Not only does Kin engage with a Dublin dualism that positions the historic alongside the contemporary, the latter frequently depicted as replacing or displacing the former (as in the case of the Aviva Stadium), but the series frequently and explicitly positions sites of criminality alongside those of capitalism. Indeed, crime, commerce and capital are in such close proximity in Kin, that they frequently bleed into one another, as careful analysis of the series’ spatial and geographical positioning reveals. Frank Kinsella (Aidan Gillen), patriarch of the crime family which bears his name, launders his money and imports his drugs through the operation of a small, otherwise legitimate sun-tanning salon, wherein wads of cash and parcels of drugs are hidden within the inner workings of sunbeds. Frank’s use of a small, family-owned and operated business is indicative of the small scale of his criminal operation, and the salon’s location in a domestic property in an anonymous part of Dublin seems to indicate his apparent ‘authenticity’ – despite being criminal, his is a strictly family business, and Frank a relatively small fish in the criminal underworld. This perception is only reinforced by a comment by Frank’s sister, Bridget ‘Birdy’ Goggins (Marie Doyle Kennedy), who at one point describes the Kinsellas as merely “playing at being gangsters”, and further by Frank’s uneasy attempts at the socialite lifestyle: he is frequently depicted patronising the up-market bars and restaurants of Dublin, or attending what appear to be refined parties in modern apartments and houses. Despite his attendance at these events and locations that may otherwise mark him out as belonging to the upper classes, Frank’s attempts at social mobility are characterised as insincere and awkward – he is more at home in discussion with family members and Kinsella-family foot soldiers than in the elite circles of life in the capital, and his semi-closeted queerness seems to mark him out as Other – early in the series, he abandons an up-market bar to engage in a homosexual tryst with the young barman.

The Kinsellas’ domesticity and narrative emphasis on family (in international markets, the series tagline suggests they possess a secret weapon in “the unbreakable bonds of family”) marks them out as perhaps more traditional, ‘old-school’ criminals. By contrast, cartel boss Éamon Cunningham (Ciarán Hinds), is a far more isolated figure, through whom the series articulates its treatise on the city and on the effects of globalisation, neoliberalism and the whole-hearted embrace of capital by the State. Dispensing with the North-Inner-City accent and tracksuits (along with their working-class connotations) of previous screen gangsters, such as Love/Hate’s Nidge (Tom Vaughn-Lawlor) or Cardboard Gangsters’ Jason Connolly (John Connors), Cunningham is a suit-clad and articulate leader of what appears to be a major international cartel. In both actions and appearance, Cunningham resembles more a CEO than a gangster. He traverses the city in a chauffeured car, making frequent trips to the airport, and maintains holiday properties in southern Spain. His reaction to crises is frequently financial. His response to the series’ inciting incident, the murder by a Cunningham foot soldier of teenaged Kinsella family member Jamie, is to offer the bereaved parents financial compensation in the form of a carrier bag stuffed with bank notes, and attempts to endear himself to Michael Kinsella (Charlie Cox), brother-in-law of bereaved Amanda, with the offer of a holiday home in Spain’s Costa del Sol. When his estranged wife reveals to him her diagnosis of cancer, his immediate response is couched in the terms of finance – despite her resistance, he insists that they travel to the US to get a second opinion and avail of better, but hugely expensive treatments, at his own expense.

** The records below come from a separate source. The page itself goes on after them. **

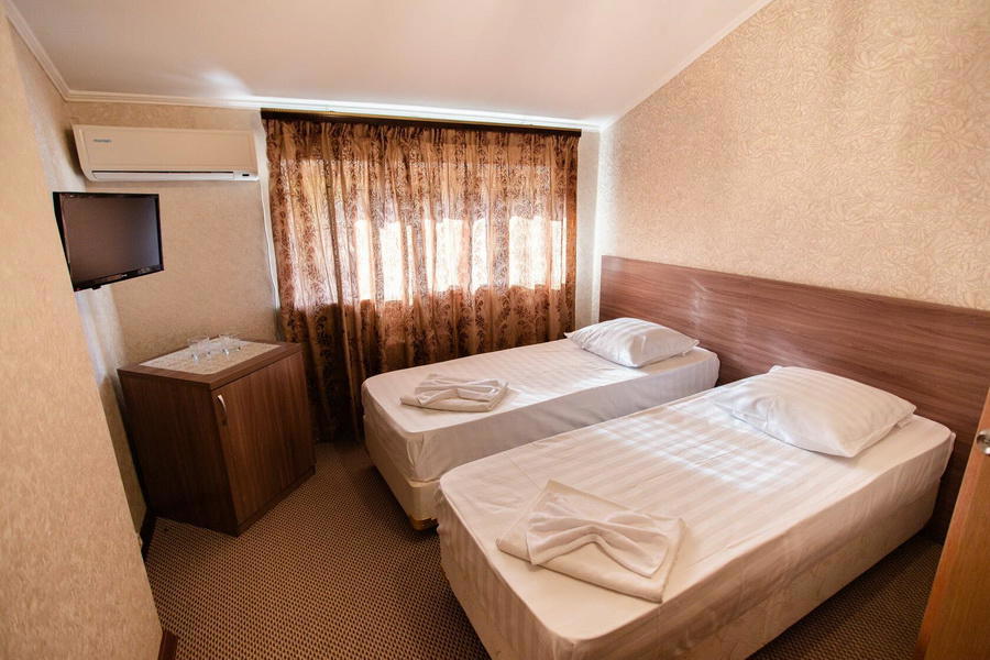 2-х местные номера категории эконом. В номерах односпальные/двуспальные кровати, шкаф, кондиционер, телевизор, холодильник, стол, Wi-Fi. Санузел и душ оборудованы в номере. Для гостей в каждом номере установлен кондиционер, телевизор, холодильник, Wi-Fi, оборудован санузел
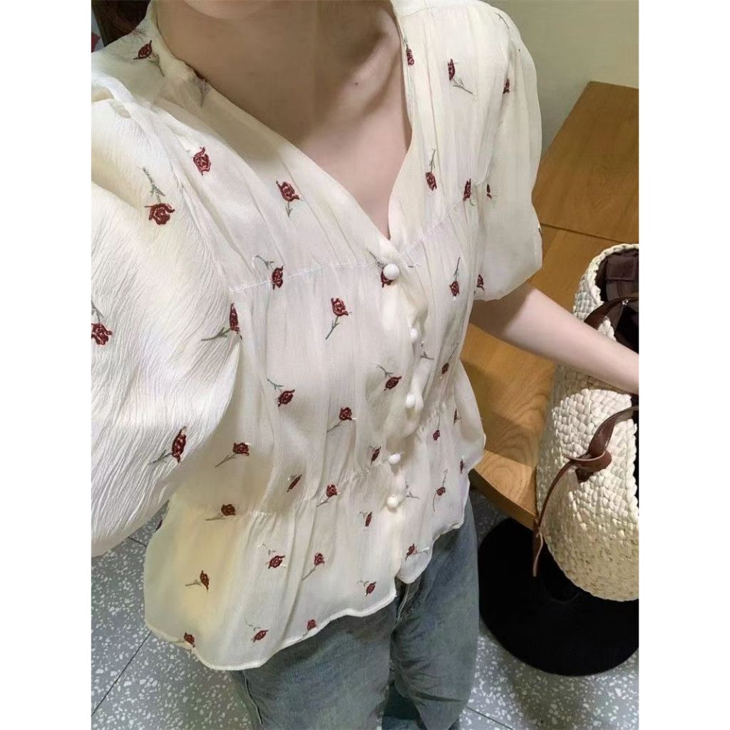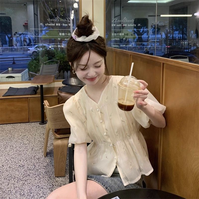 Kemeja Korea Shirt Shifon Blus / Casual Sifon Blouse Wanita Atasan / Gaya Istana Bordir Pinggang Lentera Lengan Kemeja
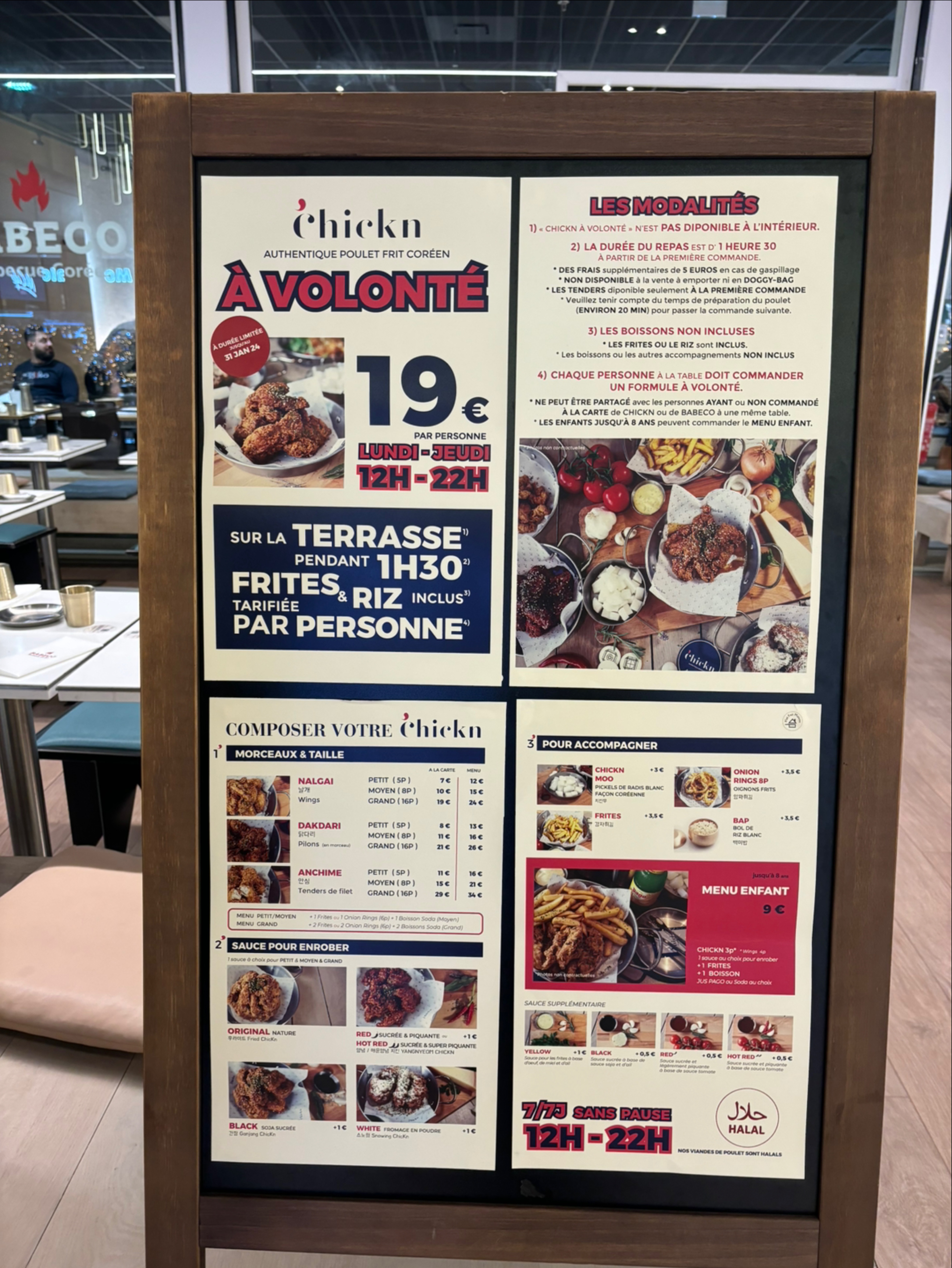 Bon... On va commencer par les bons points : Les poulets frits sont bons (heureusement) Maintenant, le service est très nonchalant, le serveur nous explique à moitié comment se déroule le menu à volonté avec un ton comme si c'était mon père qui essayait de me faire comprendre des maths. J'ai demandé de changer ma commande au même moment où il l'a prise et il me dit de prendre ce que je voulais changer à la prochaine tournée ??? J'ai pas osé forcer pour pas trop l'embêter non plus. Premier service rapide, deuxième service très long. À propos de l'ambiance du menu à volonté : c'est un escape game, vous êtes pressé par le temps imparti, vous devez finir votre assiette sous peine d'une sanction de 5 euros, prévoyez 20mn à chaque commande. Les règles du jeu et le gamemaster m'ont dégouté de BABECO. Décoration originale et grand espace cela dit. Pour ceux qui souhaitent prendre un menu à volonté Chickn : si c'est le serveur à lunette un peu grincheux, pliez vous à ses ordres sinon il va vous punir, mais savourez quand même le poulet parce qu'il est bien fondant
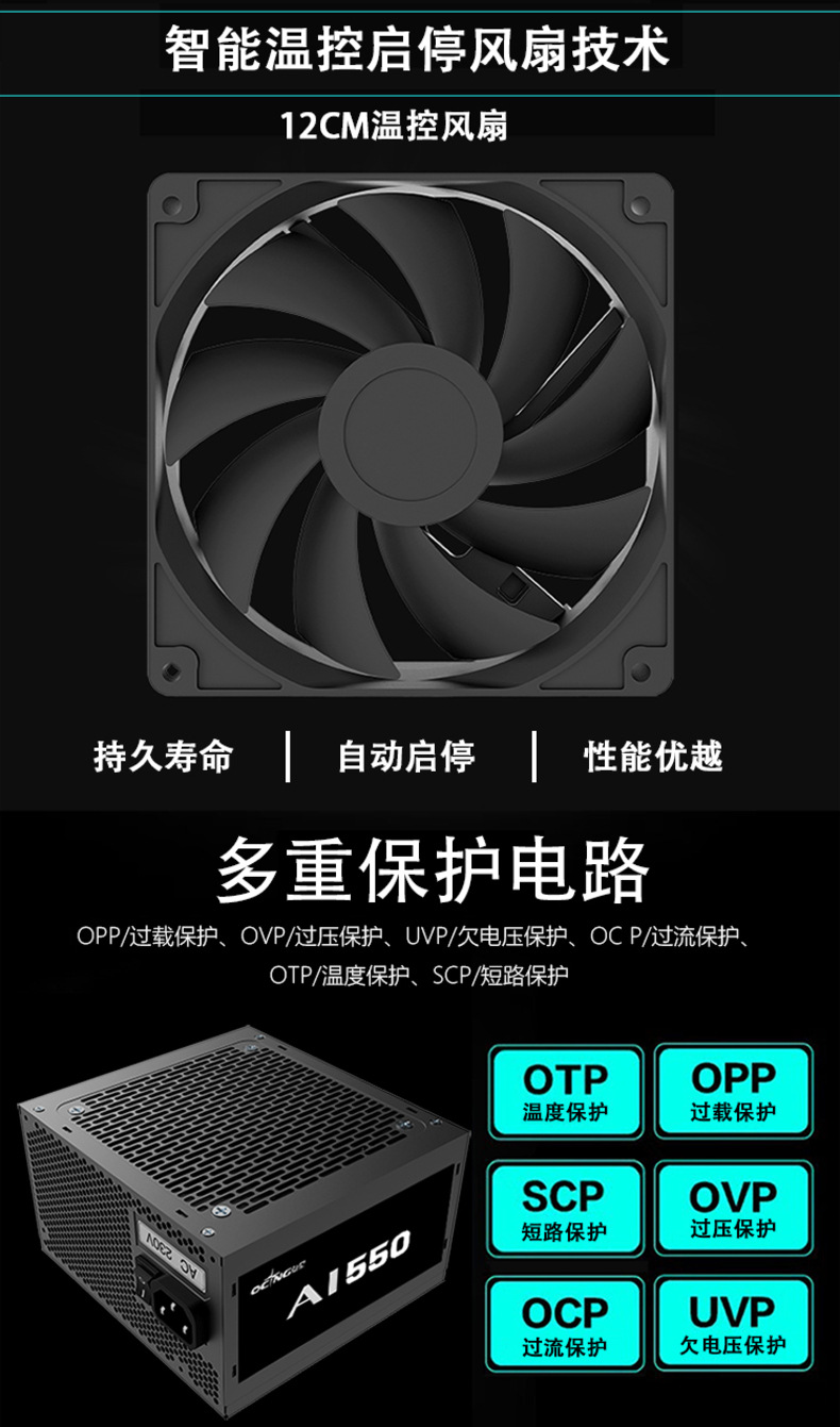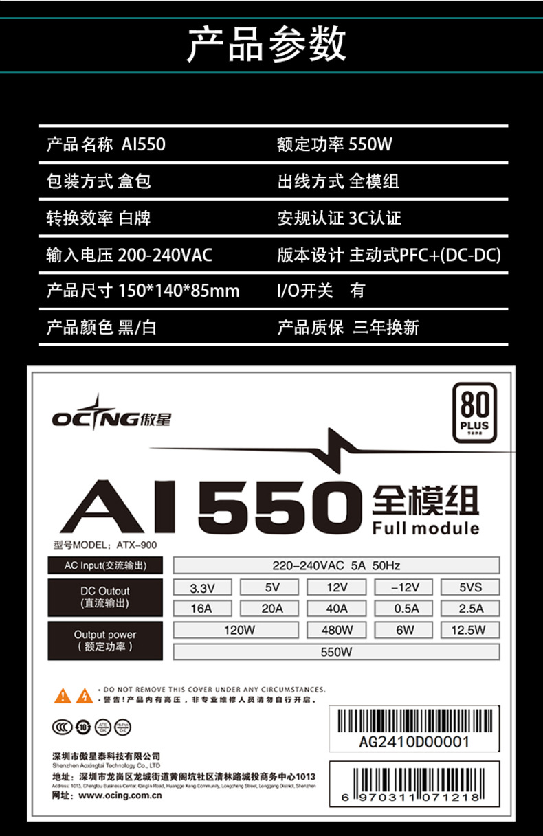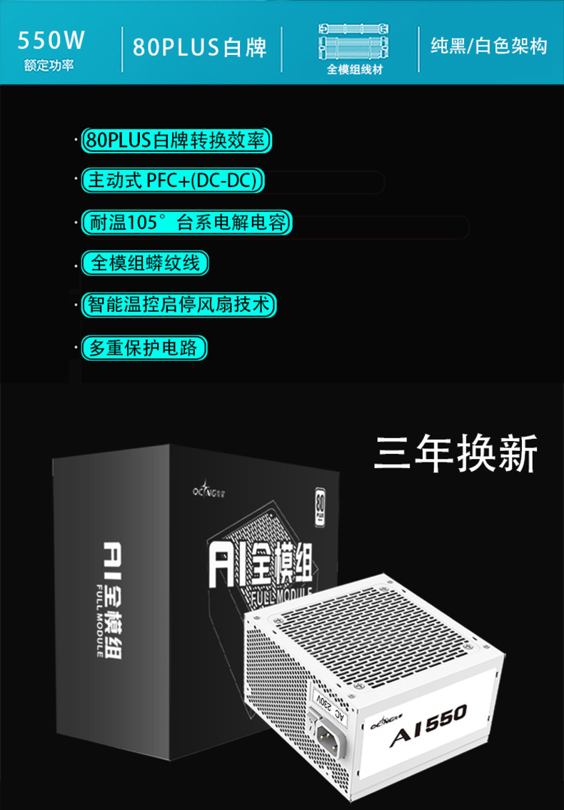 Aoxingtai AI550w 전원 공급 장치 전체 모듈 새로운 eSports 음소거 DC-DC 정격 데스크탑 전원 컴퓨터스토어 가기

Beyond the couching of almost every aspect of Cunningham’s character in terms of finance and luxury, Kin again utilises spatial and geographical messaging to characterise him as embodying and representing capital, Where the Kinsellas’ criminality is focused upon domestic properties, depicted as lying in the shadow of corporate, postmodern landmark the Aviva Stadium, the use of low-angle videography creating a looming monolith of the stadium, Cunningham is positioned as proximate to, and indeed above, the contemporary centres of capital in Dublin. His movement through the city over the course of the series speaks to the redevelopment of certain areas and industries at the cost of others. Rather than the small-business salon which provides the Kinsella headquarters, Cunningham conducts his affairs from the rooftop bar of the luxurious Mayson Hotel, near to Dublin’s docklands. Whilst this does place Cunningham in proximity to historic sites of deprivation and resulting criminality in the inner-city, this positioning, when coupled with the series’ visual and verbal description of Cunningham, is striking in its characterisation of the cartel leader as proximate to capital. The hotel from which he administers his criminal enterprise is only a short distance from the Irish Financial Services Centre (IFSC). The IFSC, purportedly the site which birthed Ireland’s modern economy, now functions as the gravitational centre for Dublin’s financial and technological corporations, whose headquarters surround it, as well as being a key site for the concentration and management of international wealth in Ireland – the centre describes itself as “one of the leading hedge-fund service centres in Europe” whose “importance … to the Irish economy is indisputable” (IFSC 2022, np).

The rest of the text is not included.